“What happens in thirty or forty years? Are you going to be a crazy, old man?”
Vicky’s concerned for my sanity the way a mother is concerned her child will break his neck when first riding a bicycle.
So, let me give this to you straight. Yes, after my divorce things were bad. I had a hard time of it. But now, it’s really not so troubling. I find it humorous when I had the odd hallucination. As I said to Vicky, “I just have a different relationship with reality.”
Vicky asked, “What about what people think about you?”
I told her that those who know me know I’m fine. If they don’t, more’s the pity for them.
But I want to talk for a minute about sanity because I can’t help but see a huge cue card that reads “IRONY”. There are people right now who are trying to bring the world to a horrible war… excuse me, another horrible war.
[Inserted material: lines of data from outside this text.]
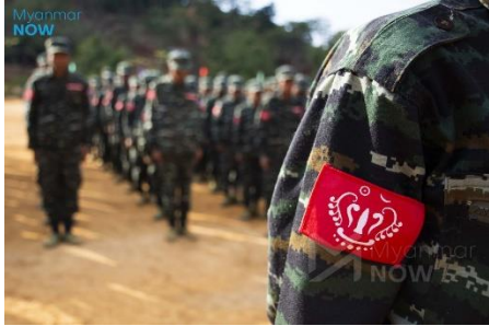
AA troops seen in Kachin State in 2017
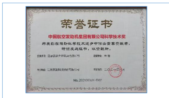
获得中国航空发动机集团有限公司科技技术进步奖。
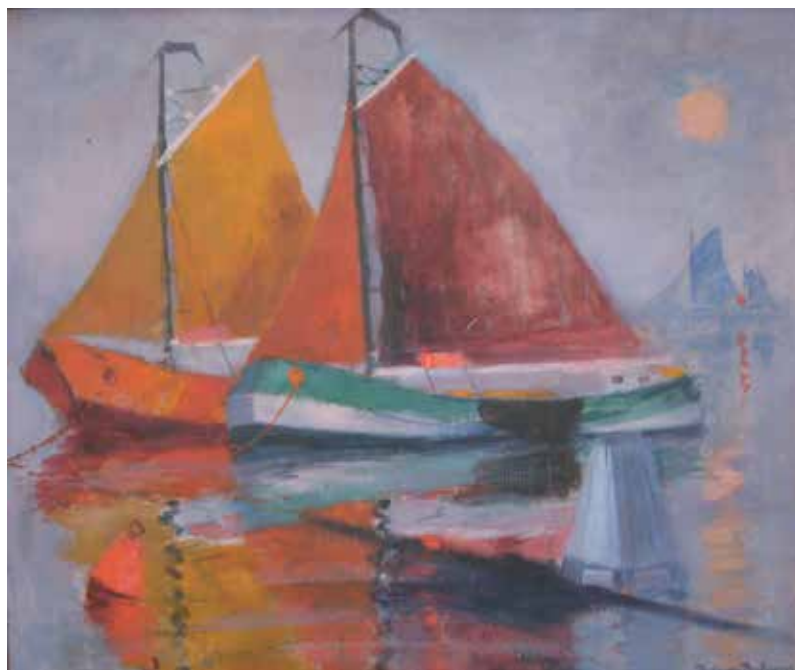
Aftenstemning set mod Nakkehoved Fyr. Maleri.
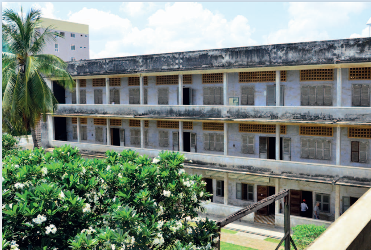
Dette er S-21, eller Security office 21, som var det største fengslet under Røde-Khmer tiden. Opprinnelig var det en skole. Klasserommene på bakkenivå var enkeltceller hvor fanger ble holdt innimellom torturen. Mange tusen ble drept her av Røde Khmer-soldater. Tortur-redskapene er der fortsatt, og man kan fortsatt se blodet på gulvene.
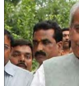
নুৱা সিত্তি, মে ২০১৭

আৰ জে দিগী হান্মগী এম এল এ প্রভুনাথ সিংহ মপুসি চুল্লা ফাদোক তাবগী দন্দি পীথ্ৰে
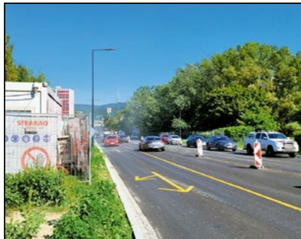
Rozšírená Harmincova zlepši komfort vodičom, cestujúcim MHD aj chodcom.
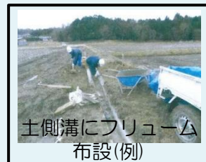
土側溝にフリューム布設(例)
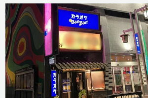
カラオケBanBan名駅4丁目店
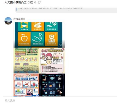
網路群組轉發健康中心訊息並提供健康諮詢服務
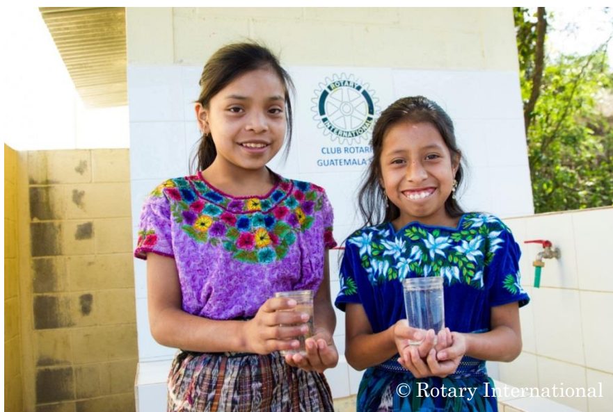
グローバル補助金にて改善されたキレイな水を持つ少女（グアテマラ）
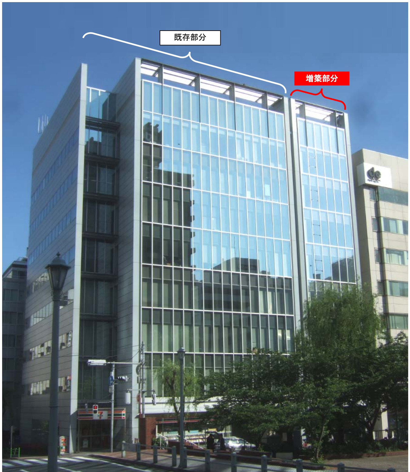
(参考) 菱進銀座イーストミラービル外観写真 (増築工事竣工後)
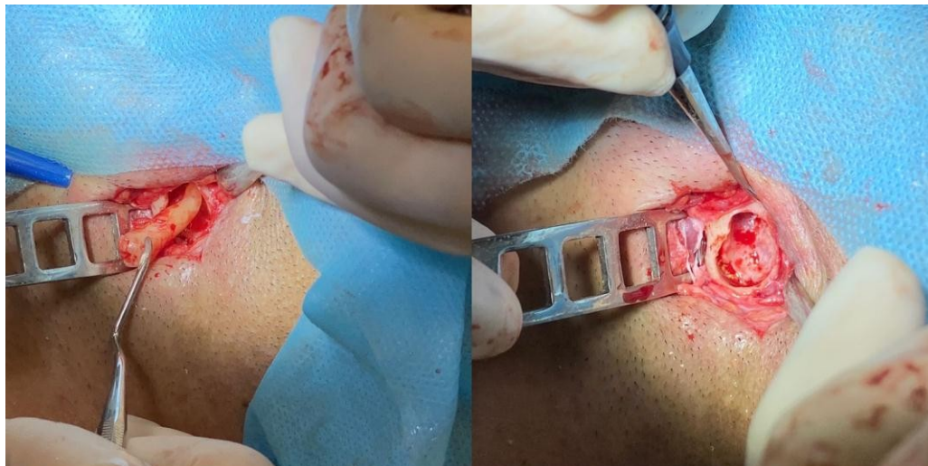
Figura 7: Luxação com alavanca angulada; Curetagem.

Realizou-se a extração do dente 35, a partir de luxação com alavanca Seldin reta e angulada, com movimentos de cunha e rotação, exérese do elemento inteiro (não foi necessário realizar odontosecção), curetagem da região para que não haja espícula óssea e tenha uma inflamação tecidual e irrigação abundante com solução salina estéril para lavagem (figura 7).
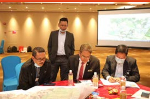
Sesi Focus Group Discussion telah dijalankan melalui 2 peringkat ; Agensi Teknikal dan Pemain Industri.
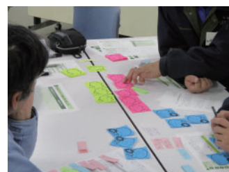
読み方ワークショップ
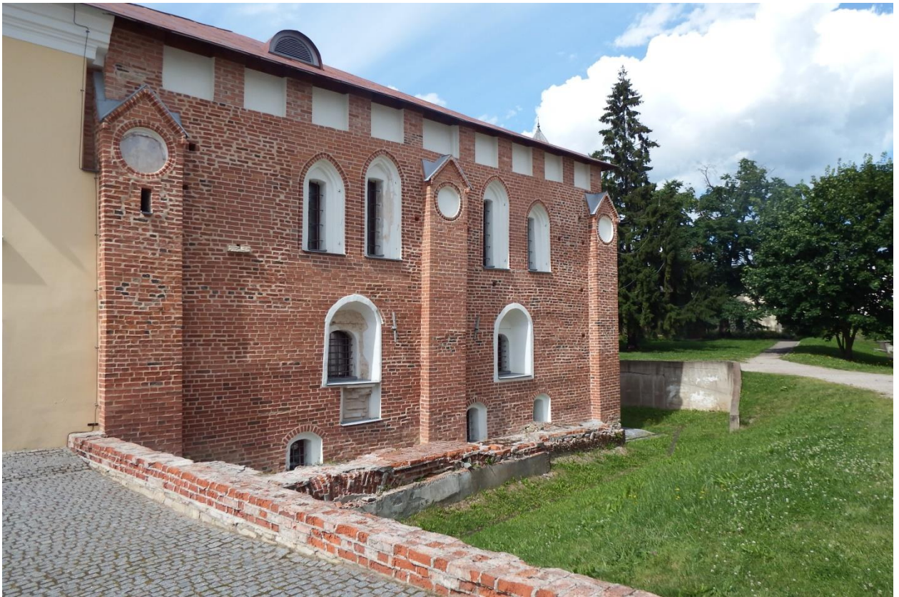
Рис. 14. Великий Новгород, Грановитая палата, XV в. Резиденция высших органов власти Новгородского государства в конце его существования

Политический строй Новгородского государства был очень сложным. Видимо, в начальный период существования государства главным его правящим органом было вече, ближе к концу – «совет господ». Кроме этого, вече собиралось в каждом из «концов» города.
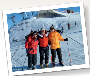
40 Bougies Mes classes de Neige

Veilles me prévenir en cas d'empêchement
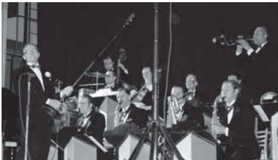
Ondřej Havelka a jeho Melody Makers.
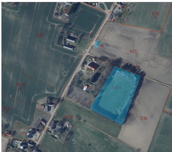
Figur 1 Blå markering visar den kommunalägda marken vid Rynge idrottsplats

I området är den största delen av marken privatägd. Kommunen äger mark vid idrottsplatsen samt en mindre fastighet i södra Sjörup.
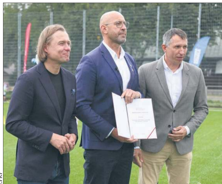
Dokument został podpisany, plany zostaną wdrożone w życie

They did it with Afghanistan. They did it with Iraq. Now, they’re doing it with Iran. These people are considered sane.
There are people who believe that torture is a good thing. That our nation has every right to act inhumanely towards others just because we can. These, too, are considered sane.
There are people right now who strongly believe that industry should not be regulated and who are just as strongly appalled with their dog is poisoned through tainted food. Again, sane people.
Some people think there is a place where we go after we die, that angels with wings live there, that a big bossman lives there with a rule book filled against which he judges us so that if we do not behave correctly we are sent to a place full of fire and pain and torture and sorrow and filth and anquish – and that he loves you. Sane.
So, please, don’t talk to me about sanity. Comparatively, anything I experience is completely benign.